Real-World Effectiveness of Burosumab Versus Oral Phosphate and Active Vitamin D in Adults With X-Linked Hypophosphatemia.

In X-linked hypophosphatemia (XLH), PHEX gene variants lead to elevated FGF23 production, resulting in hypophosphatemia, osteomalacia, osteomalacia-related fractures, osteoarthritis, enthesopathy, spinal stenosis, and symptoms of pain, stiffness, and decreased physical function. Burosumab is an anti-FGF23 monoclonal antibody approved for XLH treatment. Randomized studies comparing oral phosphate/active vitamin D (Pi/D) to burosumab in adults are lacking.
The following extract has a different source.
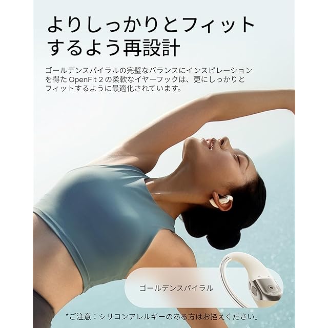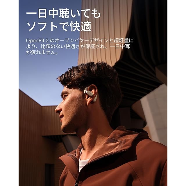 オープンイヤー型の快適さ:耳を塞がないオープンイヤーデザインで、長時間の使用でも聞き疲れや蒸れを感じません。片耳9.4gという軽さで、Shokz Ultra-Soft Silicone 2.0を採用したOpenFit 2は、肌に優しく、自然なフィット感で快適に装着できます。

This analysis, which utilized real-world data from the prospective, Americas-based XLH Disease Monitoring Program (NCT03651505), evaluated the effectiveness of burosumab versus Pi/D, based on changes from baseline to the year 1 visit in serum phosphate, 1,25-dihydroxyvitamin D (1,25[OH]2D), parathyroid hormone (PTH), Western Ontario and McMaster Universities Osteoarthritis Index (WOMAC) scores, Patient-Reported Outcomes Measurement Information System Physical Function (PROMIS PF), and Timed Up and Go (TUG) performance outcome. 2 cohorts of adults with XLH who either began burosumab between baseline and the year 1 visit (n = 65) or were on Pi/D (n = 74) at study entry and did not receive burosumab were included. Inverse probability of treatment weighting was employed to adjust for potential confounding due to baseline cohort differences. At the year 1 visit, mean (standard error) change from baseline was significant for burosumab versus Pi/D in serum phosphate (0.78 [0.08] vs 0.15 [0.14] mg/dL; p < .001), 1,25(OH)2D (19.41 [3.39] vs 5.49 [3.43] pg/mL; p = .011), PTH (-13.82 [5.00] vs 11.79 [8.10] pg/mL; p = .006), WOMAC pain (-7.50 [2.34] vs 4.47 [3.23]; p = .004), WOMAC physical function (-5.68 [1.96] vs 6.77 [4.85]; p = .006), and WOMAC total (-7.78 [2.06] vs 3.15 [3.37]; p = .005) scores, PROMIS PF (1.51 [0.73] vs -1.64 [1.11], p = .018), and TUG (-1.19 [0.42] vs 0.55 [0.43] seconds, p = .011). A trend towards improved WOMAC stiffness was observed for burosumab (-10.16 [2.85] vs -1.79 [3.68]; p = .086). In this real-world analysis of adults with XLH, burosumab treatment was associated with improved biochemical parameters, pain, physical function, and mobility compared with Pi/D.